DistributionBasePrimary Use CaseStatus
NexBoxLinux (musl)Desktop, cloud, KubernetesFirst Boot Complete
OpenBoxOpenBSD 7.xARM64 appliances, satellitesRPi5 Prototype
DragonBoxDragonflyBSDEnterprise storage, Proxmox replacementPlanned (Q3 2026)

How Distributions Work

Each distribution defines:

  1. Base userland: Which OS provides the initial POSIX layer (musl/busybox, OpenBSD base, DragonflyBSD base)
  2. Init system: How services are started (Dinit, OpenBSD rc, DragonflyBSD init)
  3. Grafting source: Where packages are pulled from (Alpine, OpenBSD ports, pkgsrc)
  4. Sovereignty level: How much of the base is replaced by native Nexus components

Over time, as native Nexus components mature, the grafted base shrinks.

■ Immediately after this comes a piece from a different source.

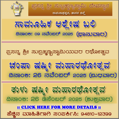 Ramanathapura is one of the major hobali town in Arakalgud Taluk of Hassan District. The place is situated on left bank of river cauvery. Ramanathapura is one of the most prominent pilgrimage center in Karnataka. The place is believed as holy place from many centuries and hence called as "DAKSHINA KAASHI". There are many temples in Ramanathapura. Hence Ramanathapura is also termed as "TOWN OF TEMPLES". The important temples of Ramanathapura are Prasanna Sri Subramanya Temple, Sri Rameshwara Temple, Sri Agasteshwara temple, Sri Pattabhi Rama Temple, etc.,

The endgame is a distribution that uses zero foreign code — but that requires completing all layers of the sovereign stack first.

Distribution vs Profile

These are independent axes:

  • Profile = hardware capability level (Tiny, Micro, Core, Fleet, Unikernel)
  • Distribution = software base (NexBox, OpenBox, DragonBox)

A NexBox Core is a Linux-musl workstation. An OpenBox Micro is an OpenBSD-based satellite system. Not all combinations make sense (you wouldn't run DragonBox on a Tiny profile), but the build toolkit handles this through profile-distribution compatibility matrices.